→ Task prompt
Transcribe exactly, and only, the lines from the one containing "Overall, 27 new-age" through the end of the entries below, leaving the pictures out.

→ Entries provided
====================
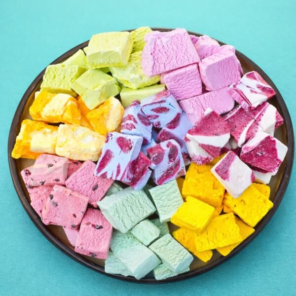 تشكيلة متنوعة من نكهات الآيس كريم المجفف.
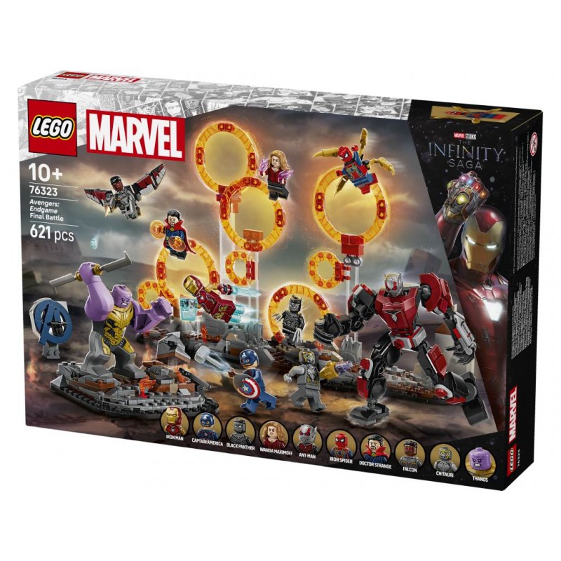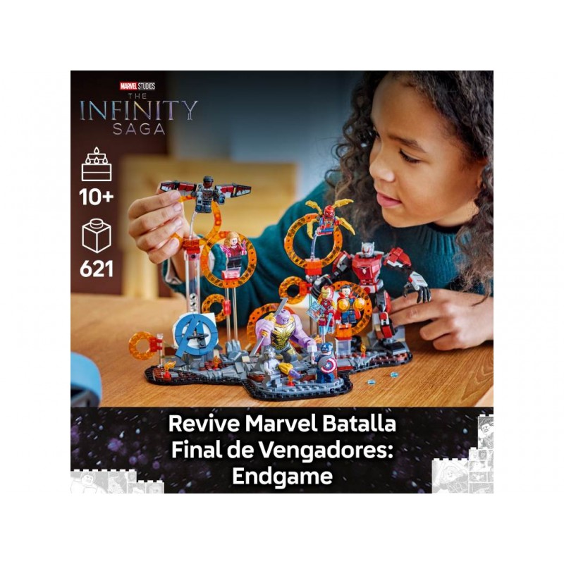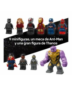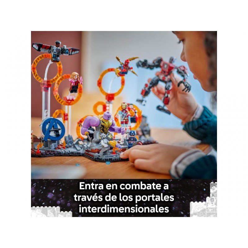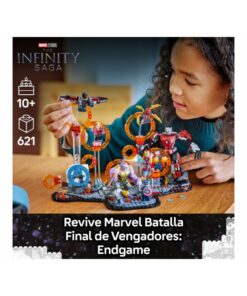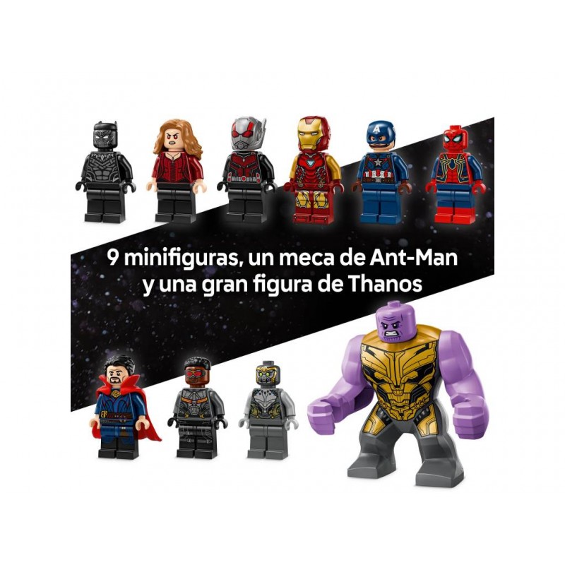 Este set basado en el épico enfrentamiento que tiene lugar en la película de Marvel Studios Vengadores: Endgame trae anillos dobles para crear portales interdimensionales y 9 minifiguras: el Capitán América (con escudo), Iron Man MK85 (con espada y escudo), un Chitauri (con cañón en el brazo), Ant-Man, la Bruja Escarlata (con elementos que representan llamas), Doctor Strange, Iron Spider (con 4 “piernas” móviles en la espalda), Black Panther y Falcon (con 2 cañones).
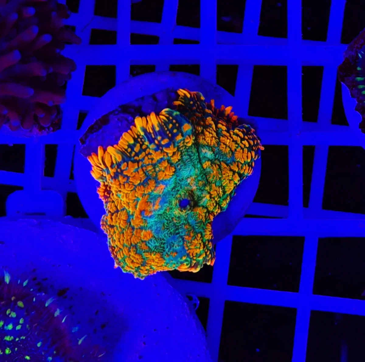 I Rhodactis sono tra i coralli più affascinanti e scenografici del panorama reef, celebri per le loro texture complesse e per la capacità di combinare colori profondi con sfumature brillanti e fluorescenze sorprendenti. La loro superficie morbida e ricca di tubercoli crea un gioco di volumi unico, capace di catturare la luce e restituirla con intensità e dinamismo. Sotto illuminazione LED attinica, la loro fluorescenza diventa davvero spettacolare: i toni verdi si accendono di una luminosità elettrica, mentre i punti e le sfumature centrali emergono con una definizione straordinaria, creando un effetto quasi tridimensionale. Un piccolo “paesaggio alieno” che prende…
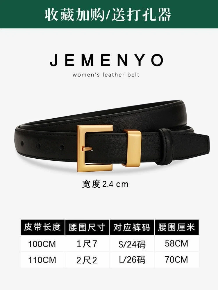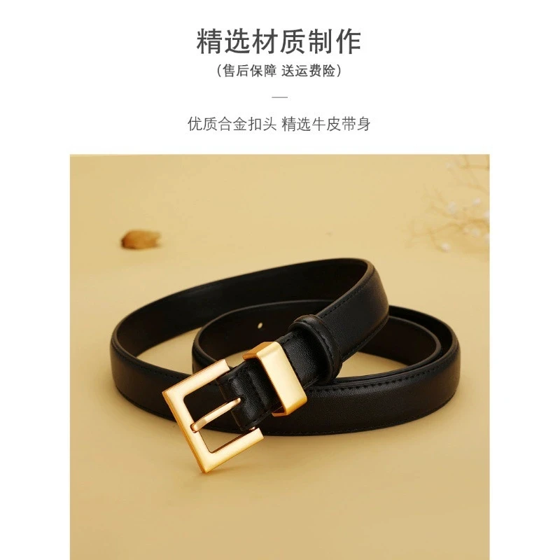 Ceinture en cuir pour femme ; décoration polyvalente en peau de vache pour ceinture de taille de costume ; ceinture en jean de style ins noir haut de gamme simple et rétro. |
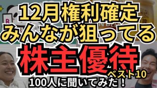 投資【お金返して!】【12月の株主優待】12月権利確定で、必ず押さえるべき優待銘柄は?総合利回り4~31%も!超お得なイチオシ優待銘柄、100人に聞いてみた! 【12月の株主優待】12月権利確定で、必ず押さえるべき優待銘柄は?総合利回り4~31%も!超お得なイチオシ優待銘柄、100人に聞いてみた!は凄いですよね、、、株式優待の情報について語っているオススメのユーチューバー。 前はブランドのレ... 2024.12.05投資
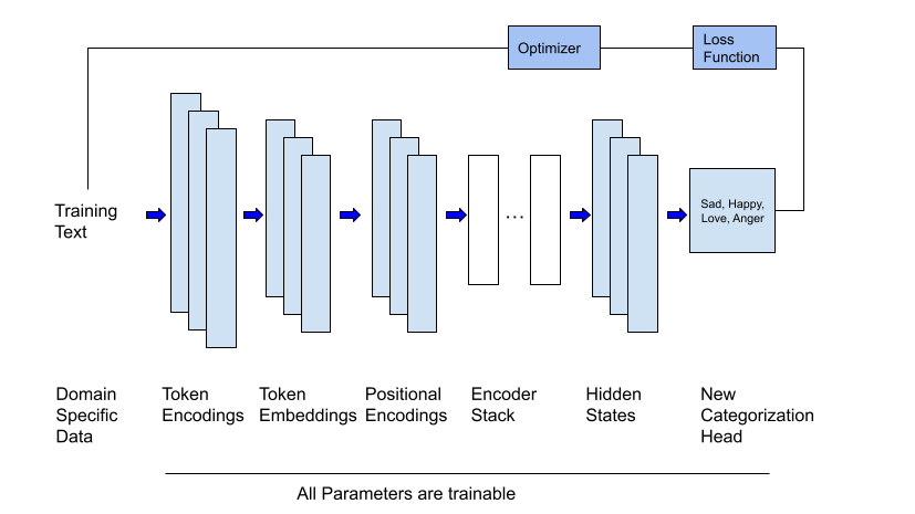 In this post, I am going to present fine-tuning. Like feature extraction, it is a technique that has been used before with deep neural networks. However, unlike feature extraction, this technique requires training. Let’s look at a specific scenario to see how fine-tuning works. Let’s say that you have an LLM that was trained on thousands of websites, thousands of books, and many textual datasets (like the Wikipedia dataset). This model would have a lot of general knowledge. An analogy would be that this model is similar to a smart colleague or friend who seems to know a little about a lot of different topics. Unfortunately, this model (and your friend) can not answer questions that require detailed knowledge about a specific topic. If you were to ask the model, “What should you do if you have a sore throat and your ears hurt? - then you would not get a good answer. To correct this, we can use fine-tuning. It works like this. Start with your original heavily trained model, and then train it some more using data that is specific to a particular domain. In our case, this could be a custom corpus of documents that talk about illnesses, their symptoms and treatments. This technique is especially valuable with models built using the transformer architecture as they are large and expensive to train. This process for transformers is visualized in the diagram below.
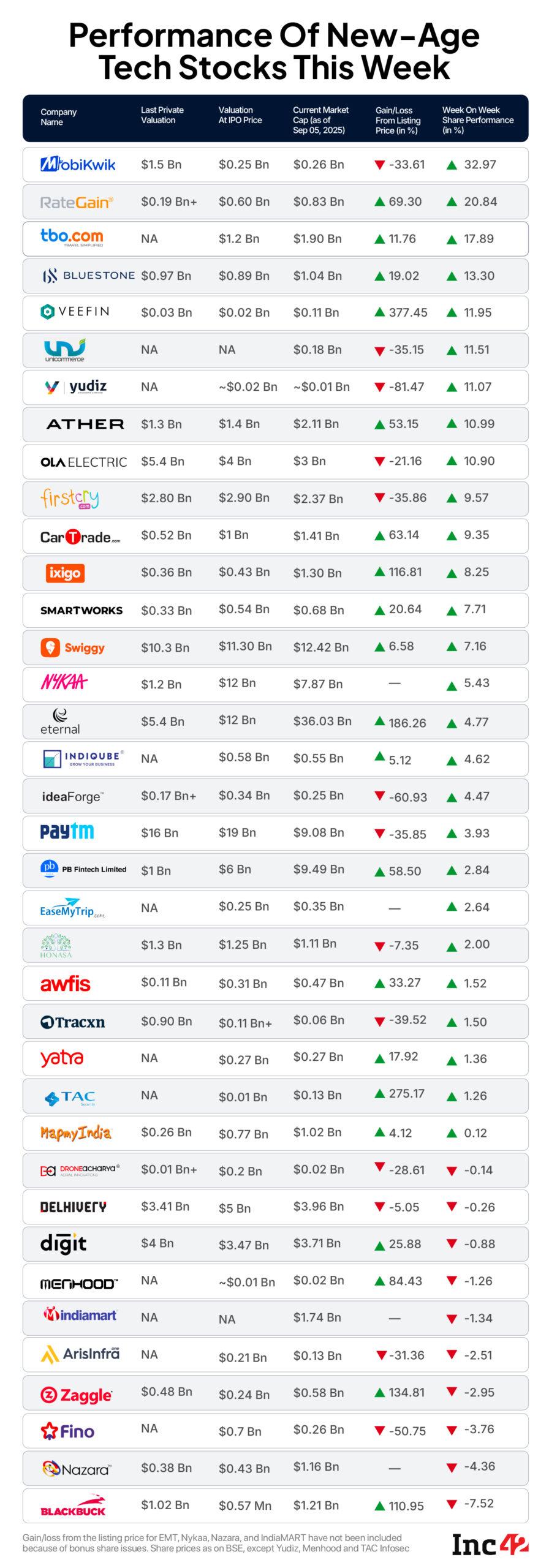 Overall, 27 new-age tech stocks gained this week, rising 0.12% to about 33%. Coming fresh off an all-time low on August 29, fintech company MobiKwik emerged as the biggest gainer. Its shares zoomed 32.97% to end the week at INR 293.60.
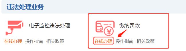 二、互联网注册用户在互联网登录后,点击【违法处理业务】→【缴纳罚款】进入缴纳罚款流程。
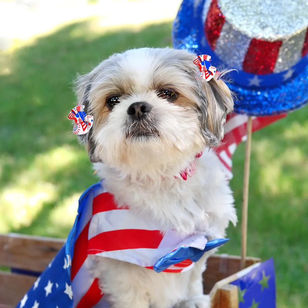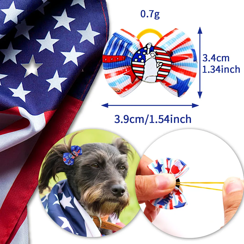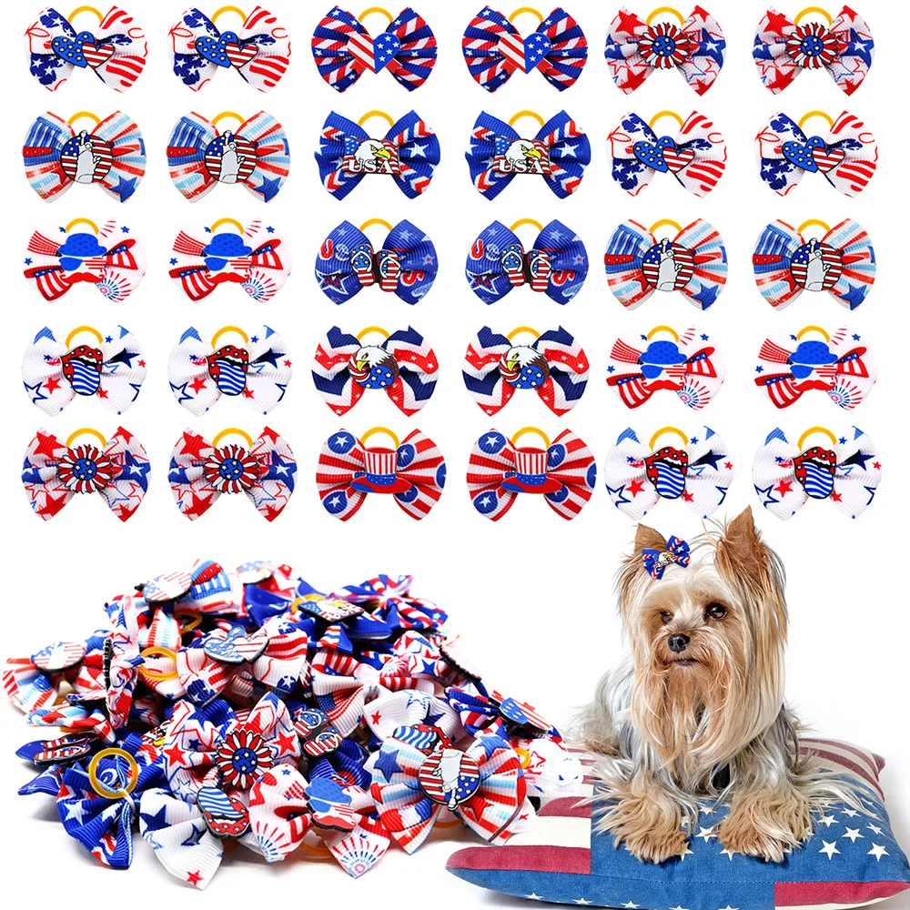 100, accesorios para el cabello para perros, lazos para el cabello de perros para el Día DE LA Independencia, suministros para mascotas, lazos para perros pequeños, bandas de goma, lazos para perros
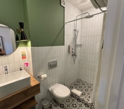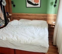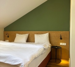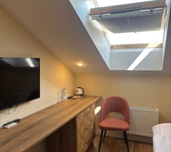 Сняли на ночь в данном отеле двухместный номер стандарт улучшенная мансарда. Ни разу не пожалели, что выбрали именно этот отель. Девушка Анастасия на ресепшене смогла заселить нас раньше 15:00, что нам было очень важно. Спасибо ей огромное. Нам всё очень понравилось, всё чисто и красиво. В комнате есть чайник, по 2 пакетика черного и зеленого чая, две кружки, холодильник маленький. В ванне под раковиной лежал фен. При входе сразу лежат тапочки. На прикроватных столиках лежали новые беруши в упаковке. Для тех, кто будет заселяться в номер с мансардой: окно вечером со включенным светом не открывайте, комары залетают только так, ведь окна там без сетки и открываются своеобразно, но всё исправно, есть жалюзи. В общем всё очень понравилось, приедем еще)))
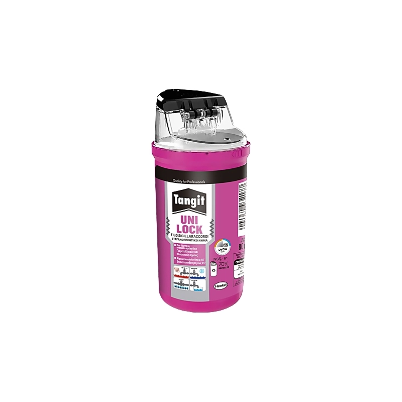 Sigillante multifilo pre-ricoperto con pasta inerte, ideale per sigillare tutti i tipi di raccordi filettati, sia in plastica che metallo: PVC, PE, PP, acciaio inox, rame, ghisa con diametri fino a 4". Applicazione 50% piu' rapida rispetto a canapa e pasta. Contenuto equivalente a 13 rotoli di teflon standard. Permette riposizionamenti fino a 45 gradi. Lunghezza 80 mt.
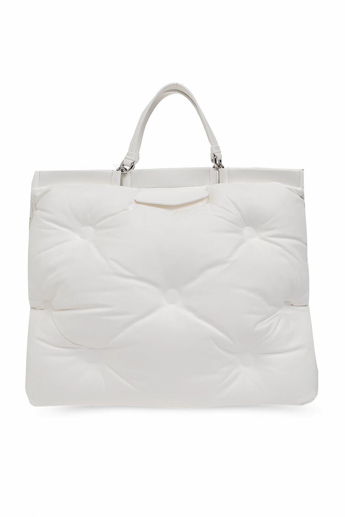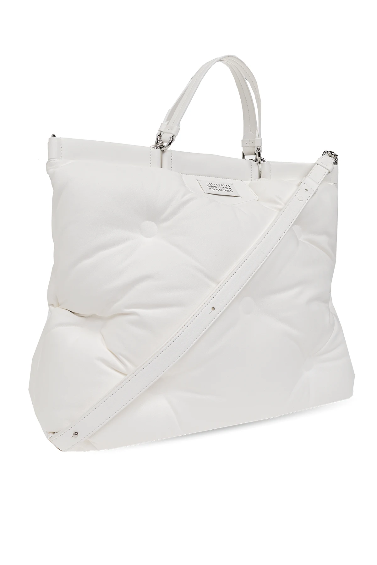 White ‘Glam Slam Shopper Large’ shopper bag from Maison Margiela. Crafted from quilted leather, this design secures with a magnetic fastener and features a signature logo patch on the front. It is complete with a detachable and adjustable shoulder strap, two half-round handles, silver-tone metal hardware and one internal compartment with a zip pocket.
====================
→ Answer section
 Overall, 27 new-age tech stocks gained this week, rising 0.12% to about 33%. Coming fresh off an all-time low on August 29, fintech company MobiKwik emerged as the biggest gainer. Its shares zoomed 32.97% to end the week at INR 293.60.
 二、互联网注册用户在互联网登录后,点击【违法处理业务】→【缴纳罚款】进入缴纳罚款流程。
 100, accesorios para el cabello para perros, lazos para el cabello de perros para el Día DE LA Independencia, suministros para mascotas, lazos para perros pequeños, bandas de goma, lazos para perros
 Сняли на ночь в данном отеле двухместный номер стандарт улучшенная мансарда. Ни разу не пожалели, что выбрали именно этот отель. Девушка Анастасия на ресепшене смогла заселить нас раньше 15:00, что нам было очень важно. Спасибо ей огромное. Нам всё очень понравилось, всё чисто и красиво. В комнате есть чайник, по 2 пакетика черного и зеленого чая, две кружки, холодильник маленький. В ванне под раковиной лежал фен. При входе сразу лежат тапочки. На прикроватных столиках лежали новые беруши в упаковке. Для тех, кто будет заселяться в номер с мансардой: окно вечером со включенным светом не открывайте, комары залетают только так, ведь окна там без сетки и открываются своеобразно, но всё исправно, есть жалюзи. В общем всё очень понравилось, приедем еще)))
 Sigillante multifilo pre-ricoperto con pasta inerte, ideale per sigillare tutti i tipi di raccordi filettati, sia in plastica che metallo: PVC, PE, PP, acciaio inox, rame, ghisa con diametri fino a 4". Applicazione 50% piu' rapida rispetto a canapa e pasta. Contenuto equivalente a 13 rotoli di teflon standard. Permette riposizionamenti fino a 45 gradi. Lunghezza 80 mt.
 White ‘Glam Slam Shopper Large’ shopper bag from Maison Margiela. Crafted from quilted leather, this design secures with a magnetic fastener and features a signature logo patch on the front. It is complete with a detachable and adjustable shoulder strap, two half-round handles, silver-tone metal hardware and one internal compartment with a zip pocket.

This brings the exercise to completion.